If your shop is primarily or solely online, the same rules apply. Speak to an internet marketing company to find ways to get your site noticed. Then, make sure that you offer customers an easy and friendly user experience once they arrive. Like a brick and mortar store, your website should be uncluttered, easy to use and pleasant to look at. Don’t forget to ensure it offers the same great experience on desktop, mobile and tablet screens.
The art of simply chatting with strangers seems to have got lost somewhere along the line. We no longer just talk to people. We don’t say hi to people on the bus anymore, and we are somewhat suspicious of those that do. The best way to build customer relationships has always and will always be chatting with them. Try to remember a few personal details, like their children’s names and ask about them next time you see them. This kind of small personal detail means a lot in an anti-social world.
Use Social Media
You may be thinking that you can’t chat if your business is online, but you’d be wrong. Social media is meant to be, well, social. It’s not just a place to show off your products, promote your site and offer further sales opportunities. You can also use it to speak with and get to know your customer base. Wish them a happy birthday, share their posts and offer them help when you can.
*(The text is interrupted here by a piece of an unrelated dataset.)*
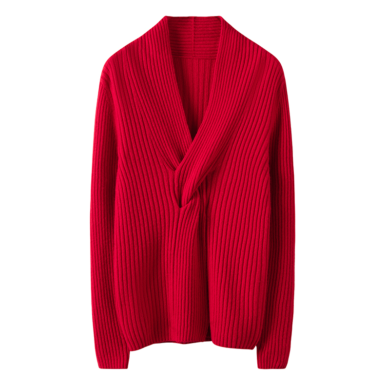 萨琪尼着迷女人味!扭转V领山羊绒衫女加厚纯羊绒毛衣针织打底衫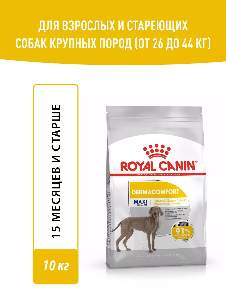 Корм сухой полнорационный для взрослых и стареющих собак крупных размеров (весом от 26 до 44 кг) в возрасте 15 месяцев и старше, при раздражениях и зуде кожи, связанных с повышенной чувствительностью MAXI DERMACOMFORT (МАКСИ ДЕРМАКОМФОРТ) ROYAL CANIN, подходящий для собак крупных размеров с чувствительной кожей в возрасте от 15-18 месяцев до 5 лет, специально разработан с учетом потребностей вашей собаки в питательных веществах.

When it comes to making a good impression and getting noticed, you need to wow. Do this by offering consistently fantastic service. One way to do this is by lowering their expectations. Give a 5-day delivery window and then get it done in two. They’ll be impressed, you’ll be under less pressure, and everyone is happy.
Solve Problems Quickly
While it would be lovely to think that nothing will ever go wrong, this would be unrealistic. Prepare for problems and have plans in place which allow you to deal with them quickly and efficiently.
More important than dealing with the problem quickly, is being honest about it. Customers, for the most part, aren’t stupid. If something is wrong, let them know. Tell them what’s happened, why and what you are doing to fix it. Then, make sure that you keep in touch and offer regular updates. From a relationship point of view, the worst thing that you would do is not give the customer enough information.
Keeping in touch afterward is something many people neglect but can make all of the difference. The transaction shouldn’t end when the purchase has been made. Follow up after a few days or weeks to see how they are getting on with your product or how they found the service that you provided. This is also a good time to offer further advice or promote a follow-up sale.
Rewards don’t have to be huge; you could simply offer return customers free delivery or a money off deal for one of your quieter periods. People love to feel valued, no matter how small the token is.
Building positive customer relationships will help your business to grow and thrive, and the best thing is, it doesn’t need to be difficult as long as you realize that they are just people too.